Thursday, February 15, 2007

A very sad story dedicated in loving memory of my delicious jam

At work in the mornings I like to skip breakfast and then eat something around 10:00 am. I've devised this eating plan, because I realized that whether I eat first thing in the morning or not, I'm hungry at 10. My latest snacking passion is a toasted bagel with butter and Blackberry jam - I loooove it! So, I brought a bag of frozen bagels to work, a tub of butter, and a jar of Blackberry jam. Now, I've been eating a bagel daily, and I had noticed yesterday that the jar of jam was almost gone. I thought to myself, "Self, you better cool it on the jam; a jar a week is way too much!" After that I didn't think much about it.

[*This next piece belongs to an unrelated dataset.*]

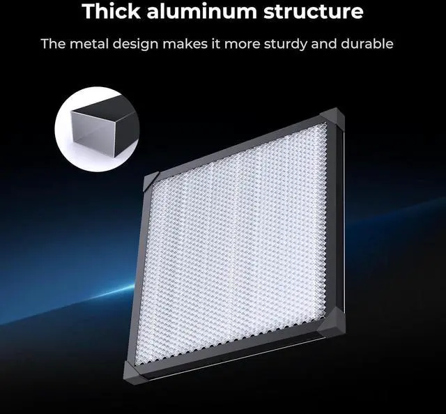 Thick All Metal Structure: The Laser honeycomb bed is composed of an aluminum honeycomb grille and a metal frame. It is very lightweight and easy to move. The honeycomb structure is fixed by multiple metal columns, making it more sturdy and less prone to deformation.
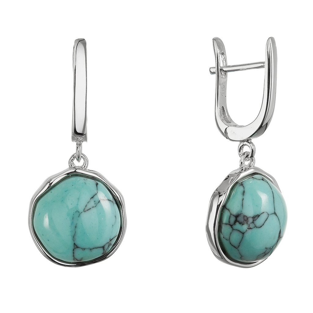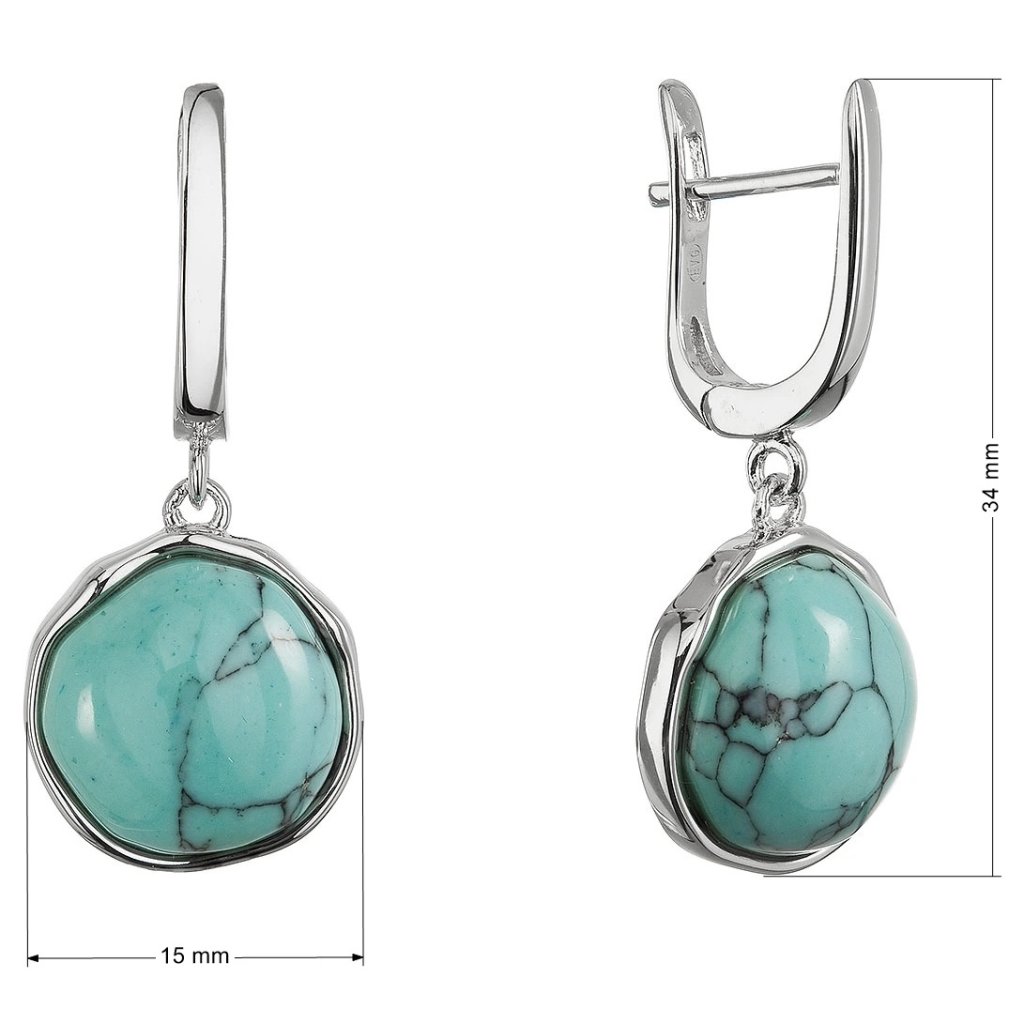 Tyto stříbrné visací náušnice s tyrkysem zaujmou kombinací decentního kovu a přírodního kamene. Jemný visací design dovoluje, aby tyrkys volně vynikl při pohybu, přidávající šperku živost a eleganci.

So this morning, I actually decided to eat at 9:30, which is not that important but I want to stick to the facts - no exaggerating this one. I walked into the kitchen and got one of my frozen bagels and put it in the microwave for 20 seconds so that I could pull the halves apart. I did that, and then put the bagel into the toaster. As I was toasting, my coworker walked in and asked how it was going blah blah, and I answered good blah blah. He walked over to the fridge mid-conversation and pulled out some bread, peanut butter, and ......my Blackberry jam.

I don't remember what happened after that. I know he kept talking, but I can't remember if I said anything or if I just stood there dumb-founded. I'm guessing the latter. I watched in horror as he made himself not one, but two peanut butter and jam sandwiches. I watched the rest of my jam disappear into the dark abyss of bread, and held back a tear as he turned the jar upside down, scraping the bottom to get the last bit out as my little bagel toasted.

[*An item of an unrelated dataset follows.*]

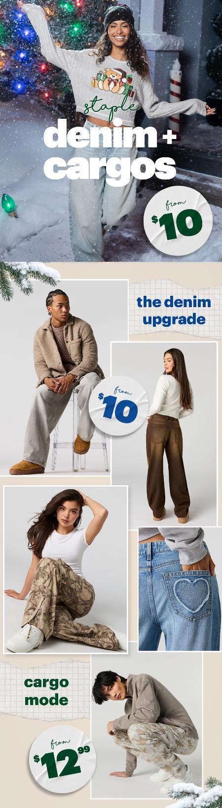Upgrade your lower half! Shop in store and get denim & cargos from $10.
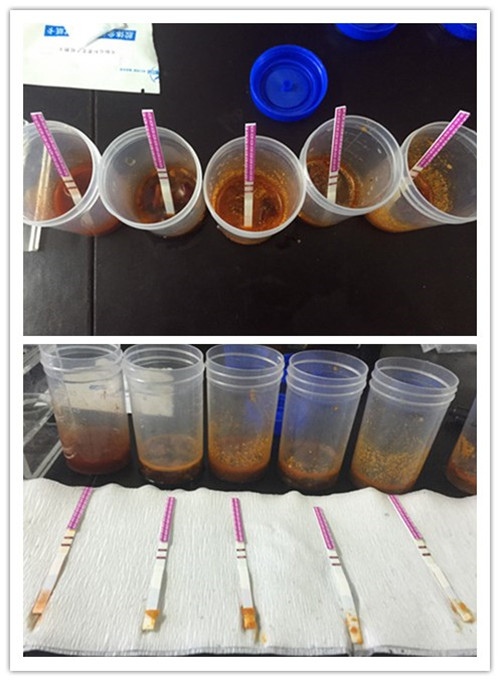 從試紙上的測(cè)試線可以知道送檢的五種火鍋原料都沒有添加罌粟殼。

The climax of the situation was when he said, "Oh dear, I'm out of jam, and it's delicious Blackberry!" (and that my friends is a direct quote). He walked hurriedly past me as I stood astounded and tossed the empty jar in the trash at the same moment as my bagel popped out of the toaster, slightly burned since I had been too confounded to watch it.

I opened the fridge with a dwindling hope that I would see another jar of Blackberry jam in the fridge, but of course there was none. I took out the butter, and woefully buttered my plain bagel, trying not to imagine what could've been...

13 Comments:

Anonymous Anonymous said...

i know that food generally dictates how you feel, so please just don't hit me when you come home tonight. my co-workers are starting to wonder why i am always showing up with black eyes. i'm really sorry about your jam. i'm sure that your mom's collection from denny's has grown to a nice size by now, maybe she'll send you some!!

3:31 PM  
Blogger Alison said...

Big stickers that say "Naomi's Jam." That is what you need.

3:32 PM  
Anonymous Anonymous said...

Put a bill for the jam on his desk and a lock on your new jar should do it. I didn't make any blackberry jam this year and I ate all the black raspberry before Naomi could get home and take more.

6:19 AM  
Anonymous Anonymous said...

This one is simple, Naomi....Get a pretty jam label and mark on it, "Naomi Marshall". Underneath, another label, "I'll be opening the large can of whoop-ass in the other room if any of this is missing!" That should do 'er. Mary

10:05 AM  
Anonymous Anonymous said...

This is an easy one: Just a little Exlax mixed into the jar of jelly with your name on it brings justice to the workplace unlike anything else! (just don't forget you did that and make yourself a "delicious bagel" with that jelly) Dad

5:05 PM  
Anonymous Anonymous said...

1. Brian you are terrible.
2. I like your dads idea alot.
3. You have a very interesting life. :)

8:29 PM  
Blogger Rachel said...

1. Petroleum Jelly
2. Apricot Jam Jar
3. Rat Poison

Thought I'd stop with the Petroleum Jelly, didn't you? Go hard or go home, Naomi, that's how I was brought up.

Love,
Rachel

7:12 PM  
Blogger Laura said...

You have a lot more self-control than I do Naomi. I would have laid into that guy right then and there. What nerve! I don't leave anything in the office fridge anymore, but when I did I always wrote my name in big black marker all over it so there would be no confusion.

...it kind of reminds of that episode of Friends when that guy eats Ross's turkey sandwich

7:59 AM  
Blogger Alison said...

More posts, Gromit!

8:57 AM  
Blogger christine said...

Note to self... never steal dad's jam. Its almost frightening how well Brian knows mom :)

6:54 AM  
Blogger Laura said...

Naomi, your last post was 5 months ago! What's up?! Don't you know that some of us need entertainment at work? ;)

12:42 PM  
Blogger Alison said...

IF YOU DON'T POST SOMETHING SOON, I'M GOING TO DO IT FOR YOU!!!!!!!!!!!!!

8:15 AM  
Anonymous Anonymous said...

yeah, post something! hasn't anything exciting happened in your life lately? say around 9pm last night?!